- [Task description]: Set down, character for character, everything in the records below from the line holding "在中超联赛的众多队伍中,敢于" down to the line holding "STOP PRES !!!", and no other line.

- [Information provided]:
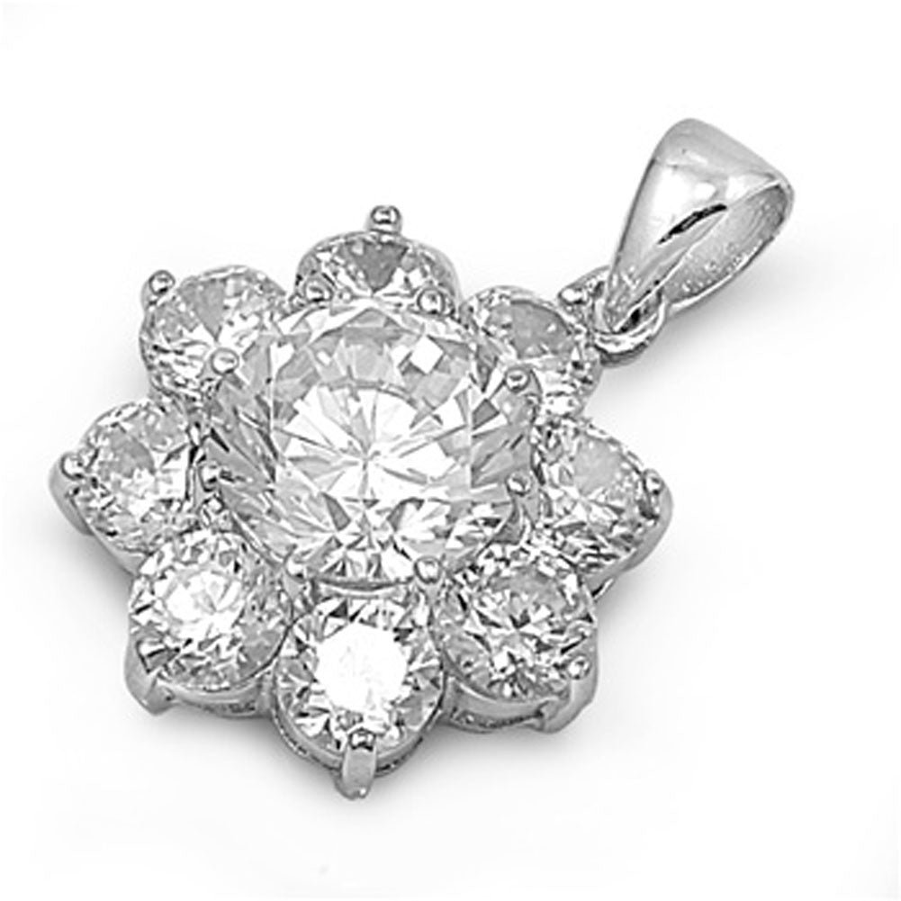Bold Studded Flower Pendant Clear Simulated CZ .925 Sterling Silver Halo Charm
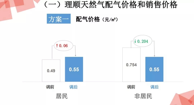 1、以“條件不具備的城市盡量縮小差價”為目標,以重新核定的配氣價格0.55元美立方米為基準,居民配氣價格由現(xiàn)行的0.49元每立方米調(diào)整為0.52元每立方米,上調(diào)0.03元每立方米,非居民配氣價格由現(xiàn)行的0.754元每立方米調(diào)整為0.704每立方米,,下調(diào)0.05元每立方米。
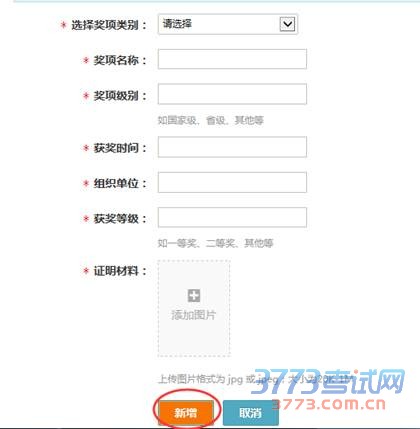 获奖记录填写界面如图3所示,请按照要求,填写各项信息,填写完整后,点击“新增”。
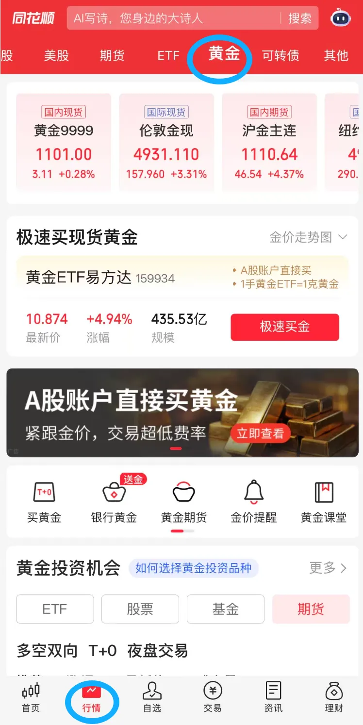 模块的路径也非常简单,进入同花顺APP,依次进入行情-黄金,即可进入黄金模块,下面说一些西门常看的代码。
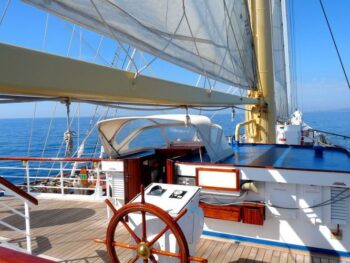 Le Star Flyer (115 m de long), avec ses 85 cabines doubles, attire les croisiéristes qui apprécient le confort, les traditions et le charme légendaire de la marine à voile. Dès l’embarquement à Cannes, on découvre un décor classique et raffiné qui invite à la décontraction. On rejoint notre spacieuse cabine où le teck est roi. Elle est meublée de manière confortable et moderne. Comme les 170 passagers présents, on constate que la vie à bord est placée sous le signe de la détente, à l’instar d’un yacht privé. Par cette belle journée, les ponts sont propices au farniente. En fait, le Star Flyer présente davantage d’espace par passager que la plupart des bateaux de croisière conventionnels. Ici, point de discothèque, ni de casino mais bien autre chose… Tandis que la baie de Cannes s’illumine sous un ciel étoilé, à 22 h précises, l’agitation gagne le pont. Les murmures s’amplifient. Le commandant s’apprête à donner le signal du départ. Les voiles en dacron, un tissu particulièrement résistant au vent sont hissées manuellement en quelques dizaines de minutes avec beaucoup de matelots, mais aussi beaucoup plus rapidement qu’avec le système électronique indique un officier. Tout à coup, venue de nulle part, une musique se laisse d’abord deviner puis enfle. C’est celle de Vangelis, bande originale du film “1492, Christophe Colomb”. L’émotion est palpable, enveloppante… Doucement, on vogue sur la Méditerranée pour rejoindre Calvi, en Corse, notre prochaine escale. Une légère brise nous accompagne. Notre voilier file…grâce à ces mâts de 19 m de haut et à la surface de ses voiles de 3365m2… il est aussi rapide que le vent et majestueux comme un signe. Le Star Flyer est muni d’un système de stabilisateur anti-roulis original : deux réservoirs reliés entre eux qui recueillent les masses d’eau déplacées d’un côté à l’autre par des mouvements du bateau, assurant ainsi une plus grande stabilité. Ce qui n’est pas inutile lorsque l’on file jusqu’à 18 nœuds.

...

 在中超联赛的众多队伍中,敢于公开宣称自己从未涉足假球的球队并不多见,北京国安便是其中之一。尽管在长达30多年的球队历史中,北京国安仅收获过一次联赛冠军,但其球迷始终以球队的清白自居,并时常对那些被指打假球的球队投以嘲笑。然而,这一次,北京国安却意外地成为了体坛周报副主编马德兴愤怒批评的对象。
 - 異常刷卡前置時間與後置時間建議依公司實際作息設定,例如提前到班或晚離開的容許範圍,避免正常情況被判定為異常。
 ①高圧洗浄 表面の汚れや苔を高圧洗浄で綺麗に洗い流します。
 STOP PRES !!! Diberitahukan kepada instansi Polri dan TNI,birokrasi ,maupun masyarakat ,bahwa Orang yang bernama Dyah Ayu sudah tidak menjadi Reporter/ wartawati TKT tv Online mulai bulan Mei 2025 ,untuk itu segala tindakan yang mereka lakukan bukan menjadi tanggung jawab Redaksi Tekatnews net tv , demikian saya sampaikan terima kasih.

- [Answer section]:
 在中超联赛的众多队伍中,敢于公开宣称自己从未涉足假球的球队并不多见,北京国安便是其中之一。尽管在长达30多年的球队历史中,北京国安仅收获过一次联赛冠军,但其球迷始终以球队的清白自居,并时常对那些被指打假球的球队投以嘲笑。然而,这一次,北京国安却意外地成为了体坛周报副主编马德兴愤怒批评的对象。
 - 異常刷卡前置時間與後置時間建議依公司實際作息設定,例如提前到班或晚離開的容許範圍,避免正常情況被判定為異常。
 ①高圧洗浄 表面の汚れや苔を高圧洗浄で綺麗に洗い流します。
 STOP PRES !!! Diberitahukan kepada instansi Polri dan TNI,birokrasi ,maupun masyarakat ,bahwa Orang yang bernama Dyah Ayu sudah tidak menjadi Reporter/ wartawati TKT tv Online mulai bulan Mei 2025 ,untuk itu segala tindakan yang mereka lakukan bukan menjadi tanggung jawab Redaksi Tekatnews net tv , demikian saya sampaikan terima kasih.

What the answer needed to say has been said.